# Joelline 1000 nice messages



## Seana

*1000 *​

*Joelline's posts*​ 




I have just discovered that Joelline has 1000 posts.​


Joelline I am not sure whether you like such nice gestures or not but I would like to send you all my best wishes.
I often read your posts written bit distinct but really they appeal to me. 
I like them​ 
*Seana*​ 
​


----------



## maxiogee

*J*oy
*O*utpours
*E*ffusively!
*L*anguage
*L*over's
*I*nto
*N*ext
*E*chelon.​


----------



## emma42

Joelline, you will always be Miss America to me, even though we discussed an alternative.  You are a joy to share the forum with.  Congratulations!


----------



## geve

Un millier ?
This well deserves a few flowers et quelques bulles...

Bravo Joelline!


----------



## fenixpollo

Joelline, I definitely feel that you made the right decision?  

Happy Postiversary!


----------



## moodywop

Joelline

Il signor Pollo says you've opted out but you're not in the opt-out list so just to be on the safe side I'm congratulating you both here and by PM. Congrats overkill! 

_Complimenti e continua così!_


----------



## geve

(from what I understood, Joelline opted out the "opt out" thread...)


----------



## cuchuflete

First you say you do, and then you don't

And then you say you will
and then you won't

You're undecided now.....

So What are we going to do?????

Belts and Braces


Warm thanks and Congratulations, public and private,

Un saludo,
cuchu​


----------



## Mariaguadalupe

I'll use fenixpollo's words:  (May I kind sir?)

Happy Postiversary Joelline!

I've enjoyed reading you too!

MG


----------



## Agnès E.

A Joelline, qui bravement soutient l'honnêteté et la droiture, j'offre toutes mes ficelles de caleçon en ce premier postiversaire !

Vos bras, vos bras !!!​


----------



## zaby

Félicitations Joelline !​ 
et merci pour ta participation plus qu'active sur ce forum ​ 
Pour la route ​


----------



## french4beth

Congrats, joelline!

Happy postiversary!

Go Steelers!

And thanks to Pittsburgh public tv stations, we have wonderful programs such as: _Mr.
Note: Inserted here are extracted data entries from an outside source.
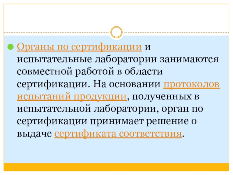Слайд 5Органы по сертификации и испытательные лаборатории занимаются совместной работой в области сертификации.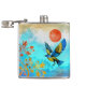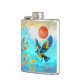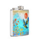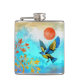 Este lindo design retrata um pássaro azul e dourado fazendo uma aterrissagem em uma árvore ouro com um belo céu de muitas cores azuis e um sol laranja ousado.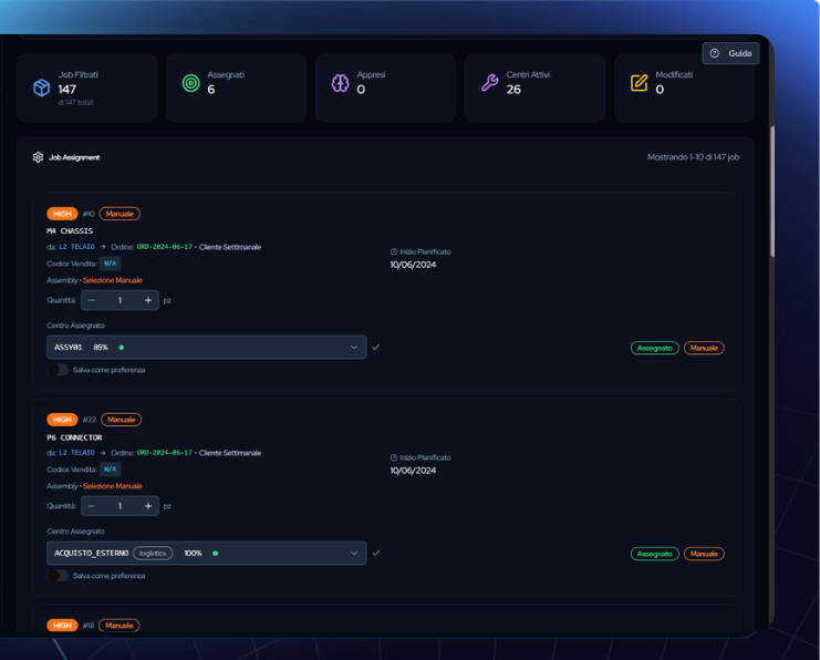 Lo schedulatore sceglie tra il centro di lavoro più efficiente considerando saturazione, costo orario e setup corrente. Risultato: meno cambi utensile, più ore produttive.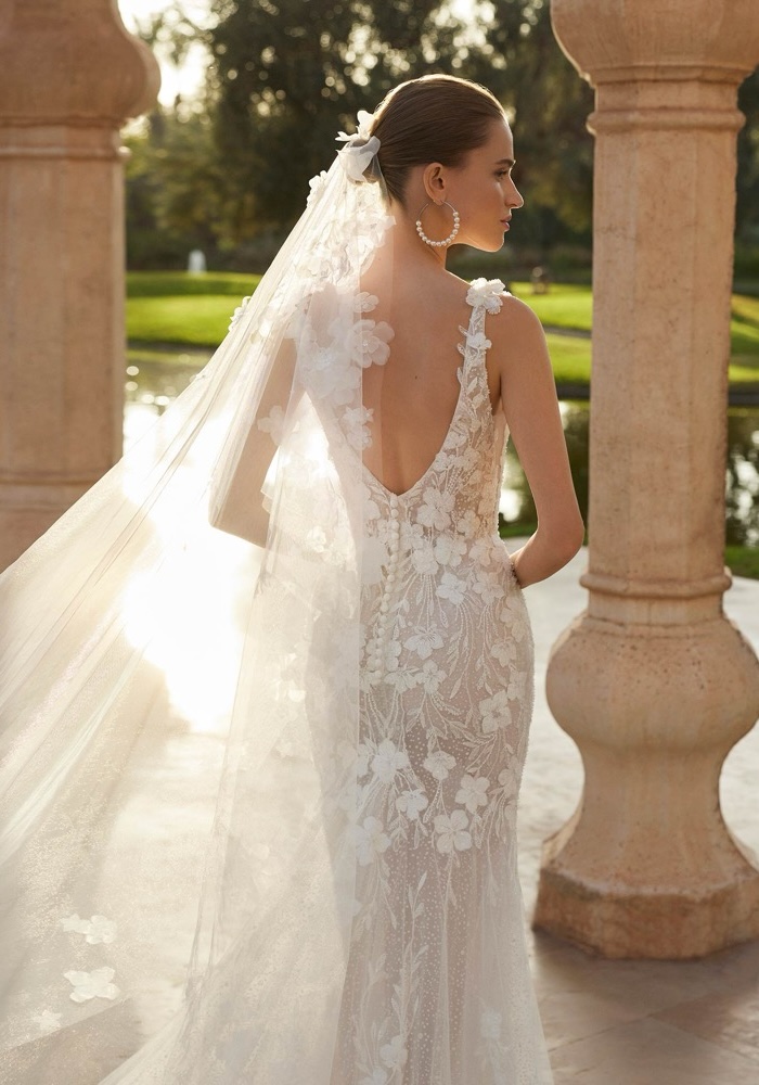 Long wedding veil in tulle adorned with intricate 3D flowers.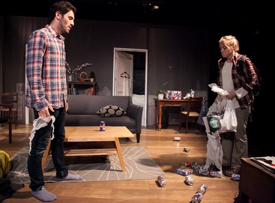 Temporarily homeless thanks to Hurricane Sandy, the 2012 superstorm that hit the region like a ton of bricks, Gordy (Dave Klasko) has landed on the doorstep of his ex-girlfriend, Mere (Jody Flader), in search of shelter until he can get back into his own East Village apartment. To be fair, and assuming he is being completely honest, Gordy is not expecting Mere to be the one who buzzes him in. It is actually her roommate Ally who has offered him a place to stay after he has been bouncing around from couch to couch and is running out of friends he can impose on. He is exhausted, disheveled, and weighted down with the burden of hauling around his stuff in a big backpack and trash bag. Ally is nowhere to be seen, and, indeed, never does show upbut here is Mere, as big as life and less than thrilled to see him after he bailed on her a year earlier. If you sense the set-up for a battle-of-the-sexes romantic comedy, you'd be partly correct. Certainly, there is plenty of characteristically biting banter and underlying sexual tension in Gordy and Mere's early scenes together, and you can tell they once were in a real relationship, even when they get into an argument over whether they need to go out to vote, this being Election Day. The playwright has a real gift for capturing the kind of hyperbolic dialog that characterizes such increasingly pointless arguments colored by elevating emotions, along the lines of "do you believe in the democratic process?" and "last time I checked the ConstitutionÂ…" This is funny stuff for us to observe from the safety of our theater seats. But Mere is not laughing, and recognizing she and Gordy are simply falling into their old habits, she becomes disgusted and decides to leave the apartment for the night. Gordy isn't alone for long, though. Someone enters through the window from the fire escape, an African American man that Gordy, who is white, takes to be a burglar. As it turns out, however, the intruder is an upstairs neighbor named Job (Ruffin Prentiss), who says he has befriended Ally and Mere, and who then proceeds to make himself at home. Job knows where the beer is hidden, and he persuades Gordy to join him in polishing off a couple of cases of brew. As the beers loosen their tongues, it seems Job knows a lot about how to push Gordy's buttons, and their time together represents a culmination of Gordy's own "perfect storm" of doubt and anxiousness that punched him in the gut with the arrival of the hurricane. There is camaraderie and confrontation galore, and some blood is shed on both sides. When Mere returns, she is confronted with a wrecked apartment and a wrecked ex-boyfriend. It's up to her to decide whether she will pick up the pieces of both. Despite a shaggy and occasionally meandering plot, Gordy Crashes, with a run time of 80 minutes, offers up sharp dialog that perfectly captures the insecurity and uncertainty that marks the lives of 20-somethings like Gordy, who has yet to find a replacement for the kind of intellectual argumentation that undoubtedly served him well as a late-adolescent college student. It is real life that eludes him now, and he must face the question that Job poses: "Why do you care so much about what other people think about you?" Under the direction of Sherri Eden Barber, Ms. Flader and Mr. Prentiss give excellent performances in roles that serve largely as foils to the central character, and Mr. Klasko truly shines as Gordy, capturing both his boyish charm and his flair for passive-aggression and self-destructiveness.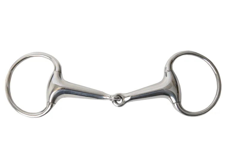 The Lightweight Hollow Mouth Eggbutt Snaffle Bit has a 23mm mouthpiece. This design provides a thick mouth, but without the weight that would otherwise be provided by a solid, thick mouth. The cheeks provide sideways stability in the horse’s mouth.

Rogers' Neighborhood_, _National Geographic Explorer_, and _Where in the World is Carmen Sandiego?_. Where in the world would we be without them?

Go have a great big hoagie & a pop - if ever you're in my neck of the woods (we're in the same time zone, after all), I'll treat you to a grinder!​


----------



## COLsass

_Congratulatulatulations!_


----------



## GenJen54

In honor of your first mille-post, I'll sing a little country ditty.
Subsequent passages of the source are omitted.